Жизнь в небольшом городке Волосе была богата событиями как местного, так и метафизического значения. Я делал воздушных змеев – в изготовлении воздушных змеев из цветной бумаги я стал настоящим специалистом. Запускать воздушных змеев на площади перед домом я выходил один, но сюда же со своими змеями приходили мальчишки из других районов города. Стоя в стороне, каждый из них пытался запустить своего так, чтобы веревка его запуталась с веревкой моего змея, и, поймав его, дернуть вниз. Эта операция на местном диалекте называлась fanestra.
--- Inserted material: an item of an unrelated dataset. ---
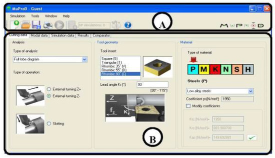 This section shows how the utility addresses diverse machining problems, from the input data to the final graphs that will help the user in decision making. Figure 1 shows the typical interface. Thus, on the top side of screen (A), the toolbar menu presents access to program options such as Simulation, Tools, or Help, as well as to different shortcuts for fast actions. On the lower side (B), the user must fill in the input data to get access to the following tabs. As seen, the system operator is only asked for data in a technical-native language and is always focused on the machining operation, solving a typical drawback of several machining simulation softwares mentioned above, in which a lot of previous knowledge about the fundamentals and basis of equations dominating the process is needed; in general, this was a common drawback that had, and still has, set back the spread of approaches by 20 years, similar to that presented here. The main interface uses codes, pictures, and options related to machining that are used by all machining users. All machining parameters are involved in the initial windows and forms.

И, если позволительно будет образовать от этого слова глагол, скажу, что моя реакция на то, что меня фанестрировали, всегда была бурной: я швырял в мальчишек камнями. Метал камни из рогатки я всегда очень ловко, владел этим мастерством прекрасно, а, ежели рогатки под рукой не оказывалось, великолепно справлялся с помощью резинки от панталон. Особенно яростная перестрелка разразилась, когда был фанестрирован один из самых ярких и красивых моих змеев. Помню, что в тот момент со мной были брат и еще один мальчик моего возраста, сын одного французского инженера, однако брат мой был еще слишком мал, а ровесник метал камни неумело. По существу сражаться мне пришлось в одиночку. Так и ныне в одиночку я сражаюсь на ниве искусства. Арена эта не так опасна, как поле боя, но одержать на ней победу значительно сложнее, поскольку выиграть десяток сражений при помощи камней, пушек и атомной бомбы значительно проще, чем написать хорошую картину. Вспоминая свою прошлую жизнь, я вижу, что история повторяется, события хоть и разворачиваются в другом месте и на другом уровне, но по одному сценарию. Тогда, побуждаемые завистью, фессалийские мальчишки пытались сбить моего змея за то, что он больше и красивее; к тому же они видели, что одет я лучше, живу в доме, который лучше, чем их, понимали, что я умнее, знаю больше, чем они, и поэтому меня нужно предать анафеме. Подобно тому, как это происходило тогда, сегодня некоторые художники, интеллектуалы, модернисты и прочие завистливые ослы, объединившись в своего рода Священный Союз, вставляют мне палки в колеса, мешая моей работе живописца. Но теперь речь идет о совсем другом оружии, а нанести вред моей живописи значительно труднее, чем фанестрировать моего змея.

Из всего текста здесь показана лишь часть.